= Siva Rao =

Prime Minister of Sandur

Siva Rao (died 2 May 1840) was a member of the Ghorpade Dynasty who served as the ruler of Sandur from 1796 to 1817 and 1818 to 1840. In 1799, Siva Rao signed as treaty of Subsidiary Alliance with the East India Company.

== Reign ==

In 1796, the Raja of Sandur, Sidhoji Rao died at the age of thirteen. As he had died childless, the throne eventually passed on to Siva Rao, the son of Khande Rao, a distant relative of Sidhoji Rao. Siva Rao ascended the throne and in 1799, he signed a treaty of Subsidiary Alliance with the East India Company handing over the state's foreign affairs to the British and retaining internal autonomy. Sandur, thus, became a princely state associated with the Madras Presidency.

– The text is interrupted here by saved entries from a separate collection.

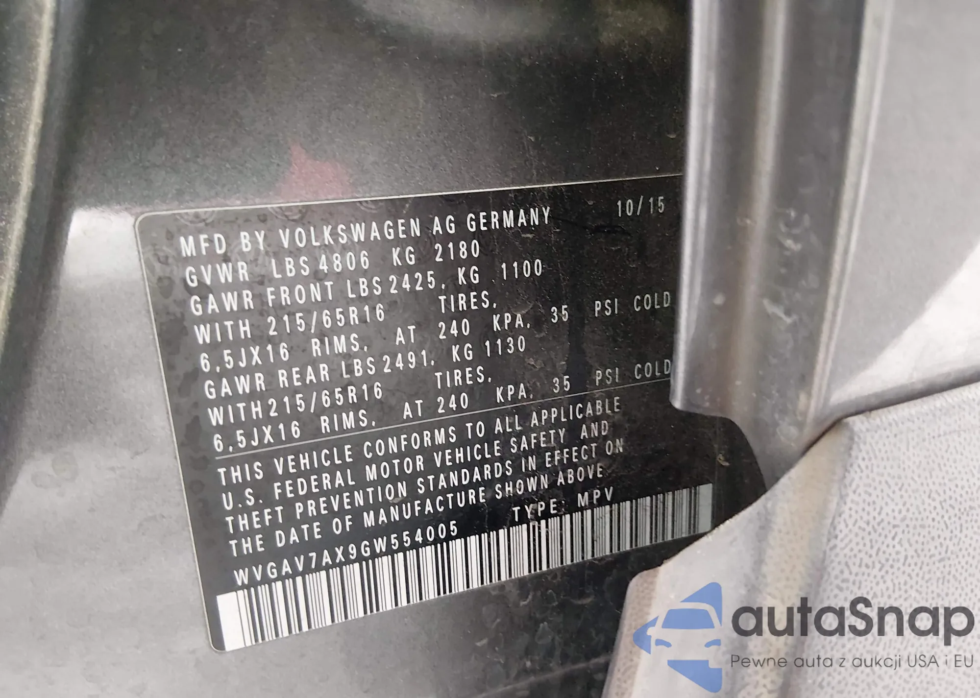 • VIN WVGAV7AX9GW554005
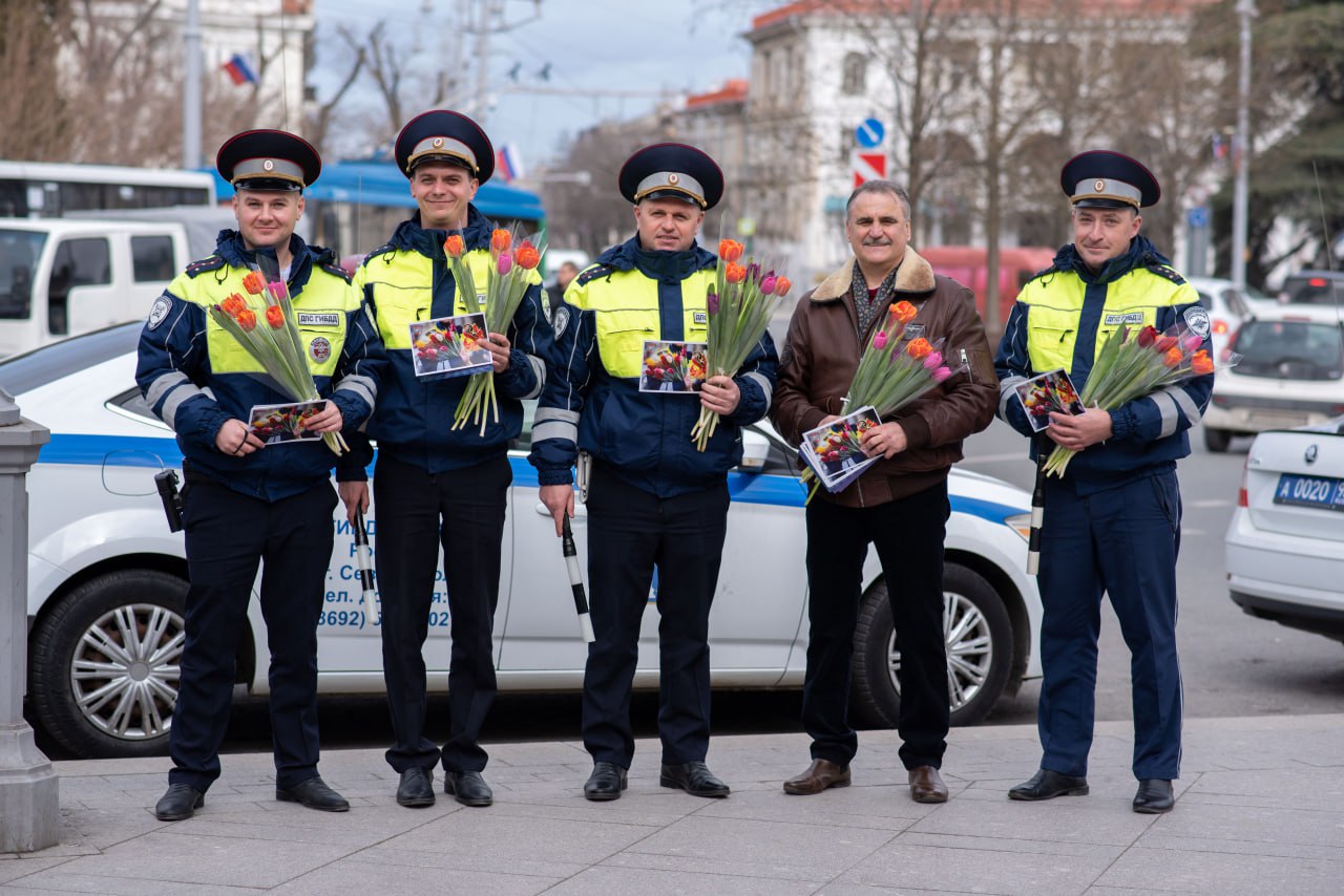 В преддверии 8 марта автоинспекторы совместно с членом Общественного совета при УМВД России по г.Севастополю Юрием Оболенским провели традиционную акцию «Цветы для автоледи» и подарили девушкам-водителям настоящий праздник на дороге.
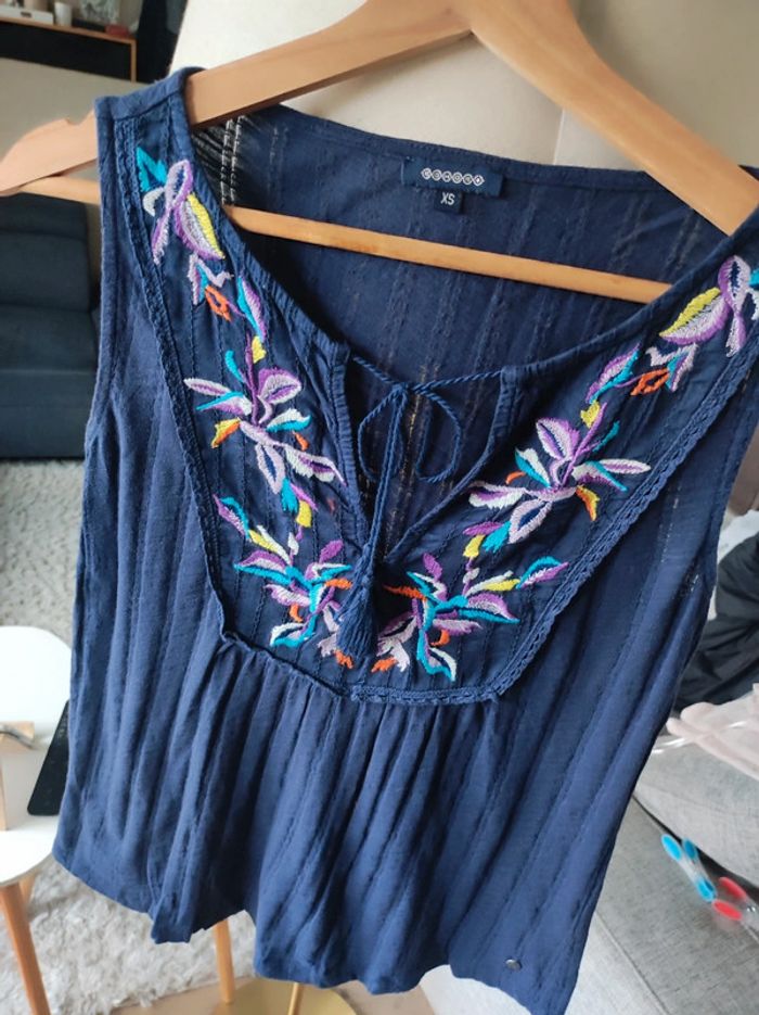 Top bleu marine/violet T.34 Bonobo assez ample #elomatfemme34
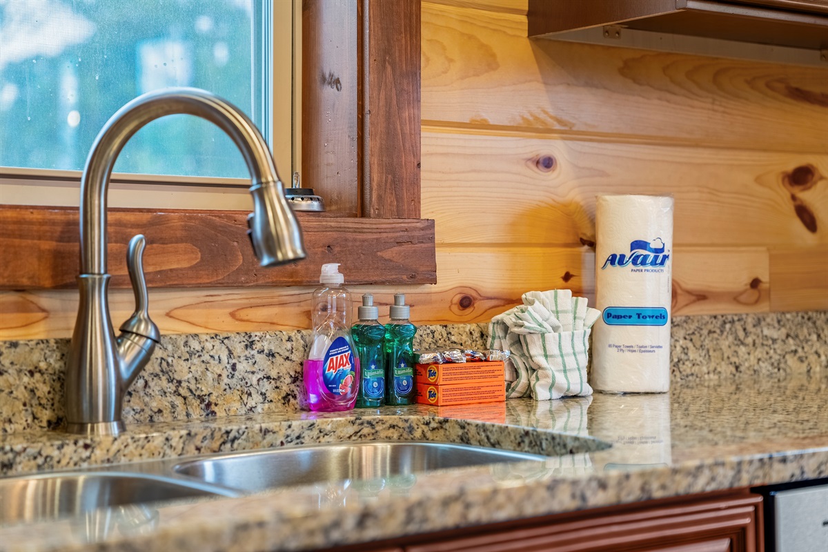 - Kitchen essentials: dish soap, dishwashing pods, paper towels, salt & pepper
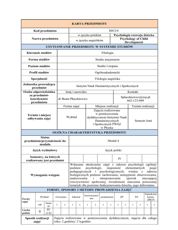 KARTA PRZEDMIOTU Kod przedmiotu w języku polskim Nazwa przedmiotu w języku angielskim M4/2/6 Psychologia rozwoju dziecka Psychology of Child Development USYTUOWANIE PRZEDMIOTU W SYSTEMIE STUDIÓW Kierunek studiów Filologia Forma studiów Studia stacjonarne Poziom studiów Studia I stopnia Profil studiów Ogólnoakademicki Specjalność Filologia angielska Jednostka prowadząca Instytut Nauk Humanistycznych i Społecznych przedmiot Osoba odpowiedzialna Imię i nazwisko Kontakt za [email protected] koordynator dr Beata Płaczkiewicz 662-123-069 przedmiotu Forma zajęć Miejsce realizacji Termin realizacji Zajęcia realizowane w pomieszczeniu Termin i miejsce Wykład dydaktycznym Instytutu Nauk odbywania zajęć Humanistycznych Semestr letni i Społecznych PWSZ w Płocku OGÓLNA CHARAKTERYSTYKA PRZEDMIOTU Status przedmiotu/przynależność do modułu Moduł 4 Język wykładowy Język polski Semestry, na których realizowany jest przedmiot IV Wskazane ukończenie zajęć z zakresu psychologii ogólnej/ podstaw psychologii, znajomość elementarnych pojęć pedagogicznych i psychologicznych; wiedza z zakresu biologicznych podstaw zachowania; umiejętność obserwowania, analizowania i interpretowania zjawisk otaczającej rzeczywistości społecznej; świadomość znaczenia poruszanej tematyki dla poziomu funkcjonowania dziecka, jego dobrostanu. Wymagania wstępne FORMY, SPOSOBY I METODY PROWADZENIA ZAJĘĆ Formy zajęć Liczba godzin Wykład rok Seme str II IV (15) Sposób realizacji zajęć ćwiczenia r s lektorat r s konwersatori seminarium um r s r s ZP r Samokszta łcenieZBUN PZ s r s r s Zajęcia realizowane w pomieszczeniu dydaktycznym, zajęcia dla całego roku- 2 godziny/ 2 tygodnie Sposób zaliczenia zajęć Zaliczenie na ocenę - wykład z prezentacją multimedialną i elementami konwersatorium Metody dydaktyczne - dyskusja - dzielenie się doświadczeniami Przedmioty powiązane/moduł Moduł 4 Harwas- Napierała B., Trempała J. (red.). (2002). Psychologia rozwoju człowieka, t. 2. Warszawa: Wydawnictwo Naukowe PWN. Kielar- Turska M. (2000). Rozwój człowieka w pełnym cyklu życia. [W:] J. Strelau (red.), Psychologia. Podręcznik akademicki t. 1 (s. 285- 332). Gdańsk: Gdańskie Wydawnictwo Psychologiczne. PodSchaffer H., R. (2008). Psychologia dziecka. Warszawa: Wydawnictwo stawowa Naukowe PWN. Turner J., S., Helms D., B. (1999). Rozwój człowieka. Warszawa: Wydawnictwa Szkolne i Pedagogiczne. Wykaz literatury Vasta R., Haith M., M., Miller S., A. (1995). Psychologia dziecka. Warszawa: Wydawnictwa Szkolne i Pedagogiczne. Birch A. (2005). Psychologia rozwojowa w zarysie: Od niemowlęctwa do dorosłości. Warszawa: Wydawnictwo Naukowe PWN. Brzezińska A., Trempała J. (2000). Wprowadzenie do psychologii rozwoju. [W:] J. Strelau (red.), Psychologia. Podręcznik akademicki, t. 1 (s. 229- 283). Gdańsk: Gdańskie Wydawnictwo Psychologiczne. Ilg F., L., Ames L., B., Baker S., M. (2010). Rozwój psychiczny dziecka od 0 do 10 lat. Poradnik dla rodziców, psychologów i lekarzy. Gdańsk: Gdańskie Uzupełni Wydawnictwo Psychologiczne. ająca Piaget J. (2005). Mowa i myślenie dziecka. Warszawa: Wydawnictwo Naukowe PWN. Rathus S., A. (2004). Psychologia współczesna. Gdańsk: Gdańskie Wydawnictwo Psychologiczne. Zimbardo P., G. (2005). Psychologia i życie. Warszawa: Wydawnictwo Naukowe PWN. CELE, TREŚCI I EFEKTY KSZTAŁCENIA Cele przedmiotu (ogólne, szczegółowe) Studenci uczestniczący w zajęciach z zakresu psychologii rozwoju dziecka poznają podstawową terminologię i sposoby konceptualizacji rozwoju psychicznego człowieka. Zajęcia ukierunkowane są także na zapoznanie słuchaczy z poszczególnymi fazami rozwoju psychicznego w okresie dzieciństwa oraz z zagadnieniem wychowania w różnych jego aspektach. Przyswojenie pojęć i teorii psychologicznych z zakresu psychologii rozwojowej. Kształcenie umiejętności posługiwania się podstawowymi i pojęciami właściwymi dla psychologii rozwoju dziecka. ujęciami teoretycznymi Kształcenie umiejętności wyszukiwania, analizowania i interpretowania danych z zakresu psychologii rozwojowej oraz sprawnego wypowiadania się w tym zakresie. Kształcenie postawy odpowiedzialności poprzez zwiększanie świadomości dotyczącej własnej wiedzy i posiadanych umiejętności oraz potrzeby ich pogłębiania i rozwijania. WIADOMOŚCI Wiedza dotycząca znaczenia psychologii rozwojowej w kontekście innych nauk. Wiedza dotycząca terminologii stosowanej w obszarze psychologii rozwoju dziecka. Wiedza dotycząca kierunków rozwoju współczesnej psychologii rozwojowej UMIEJĘTNOŚCI Umiejętność posługiwania się podstawowymi ujęciami teoretycznymi z zakresu psychologii rozwoju dziecka. Umiejętność wyszukiwania, analizowania, interpretacji danych z zakresu psychologii rozwojowej. Umiejętność samodzielnego formułowania wypowiedzi dotyczących zagadnień z obszaru psychologii rozwojowej. KOMPETENCJE Postawa odpowiedzialności poprzez samoświadomość w zakresie własnej wiedzy i posiadanych umiejętności oraz potrzeby ich pogłębiania i rozwijania. Treści programowe Efekty kształcenia (kody) Form a zajęć Temat W01, W02, W03, U01, K01 1. ROZWÓJ CZŁOWIEKA- podstawowa terminologia, cechy zmiany rozwojowej, kryteria i obszary rozwoju, rodzaje zmian rozwojowych. W01, W02, U01 2. WYBRANE KONCEPCJE I TEORIE ROZWOJU PSYCHICZNEGO (m.in. teoria rozwoju psychospołecznego Eriksona, teoria rozwoju umysłowego Piageta, teoria Wygotskiego) Wykł ad Liczba godzin Suma liczby godzin 15 godzin W01, W02, U01, U02 W02, U03, K02 W02, W03, U02, K01 W02, U02, K02 Liczby 3. CZYNNIKI ROZWOJU PSYCHICZNEGO z uwzględnieniem różnych sposobów godzin dla konceptualizacji. CZYNNIKI RYZYKA poszczególn ZABURZEŃbiologiczne, środowiskowe, ych zajęć: w poszczególnych okresach rozwojowych. 1.- 2 godz. 4. CHARAKTERYSTYKA FAZ ROZWOJU 2.- 2 godz. PSYCHICZNEGO DZIECKA- wczesne, średnie 3.- 2 godz. i późne dzieciństwo w poszczególnych sferach 4.- 
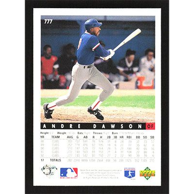 This is a 1993 Upper Deck Andre Dawson baseball card. The card is #777 and pictures show condition.
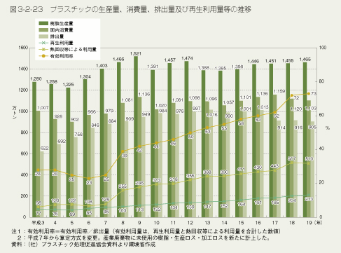 化石系循環資源の循環利用量の拡大及び最終処分量の削減に向けては、「容器包装に係る分別収集及び再商品化の促進等に関する法律」(容器包装リサイクル法)や、「特定家庭用機器再商品化法」(家電リサイクル法)を契機として、使用済製品の回収及びその再資源化技術の開発が一層促進されることなどが考えられます。
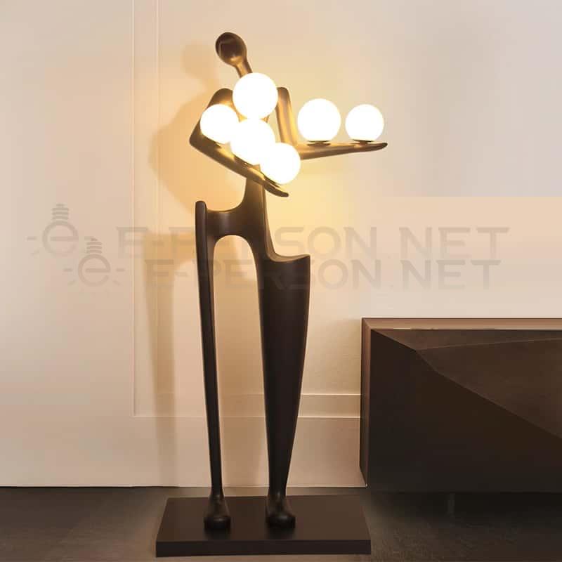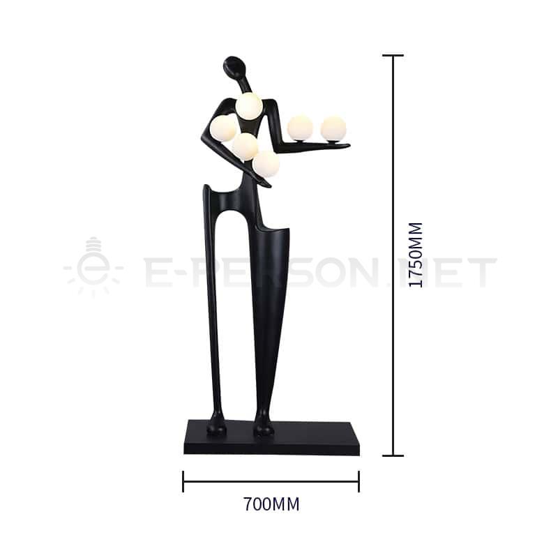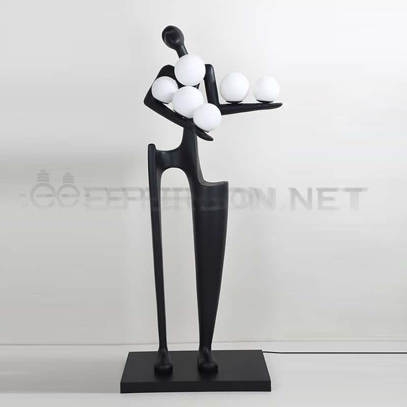 This modern artistic floor lamp features a striking human-figure sculpture design holding multiple glowing spherical LED bulbs, creating a visually stunning and highly decorative lighting piece. Crafted with a smooth, sculptural silhouette and a stable base, it blends artistic expression with functional illumination. The warm LED globes provide soft ambient lighting, making this lamp perfect for luxury living rooms, hotel lobbies, galleries, villa halls, and upscale commercial interiors. Its creative figurine form adds character and a unique statement to any space, appealing to buyers seeking distinctive designer lighting with strong visual impact.

In 1815, tensions flared up between Siva Rao and the Peshwa Baji Rao II when the latter attempted to invade Sandur in the guise of making a pilgrimage to the shrine of Kumaraswami in the princely state. Siva Rao had the Peshwa's soldiers stopped at the passes and allowed Baji Rao II to proceed to Kumaraswami Temple only with a minimal retinue. Enraged, the Peshwa appealed to the East India Company to intervene as per the provisions of the Treaty of Bassein. The Company promptly sent an ultimatum to Siva Rao who delivered the state willingly. Siva Rao was in return granted the jaghire of Hirehallu and eight other villages. Sandur remained a British possession from 1815 till 1818, when they relented and returned Sandur to Siva Rao after the Peshwa turned hostile and fought the Third Anglo-Maratha War.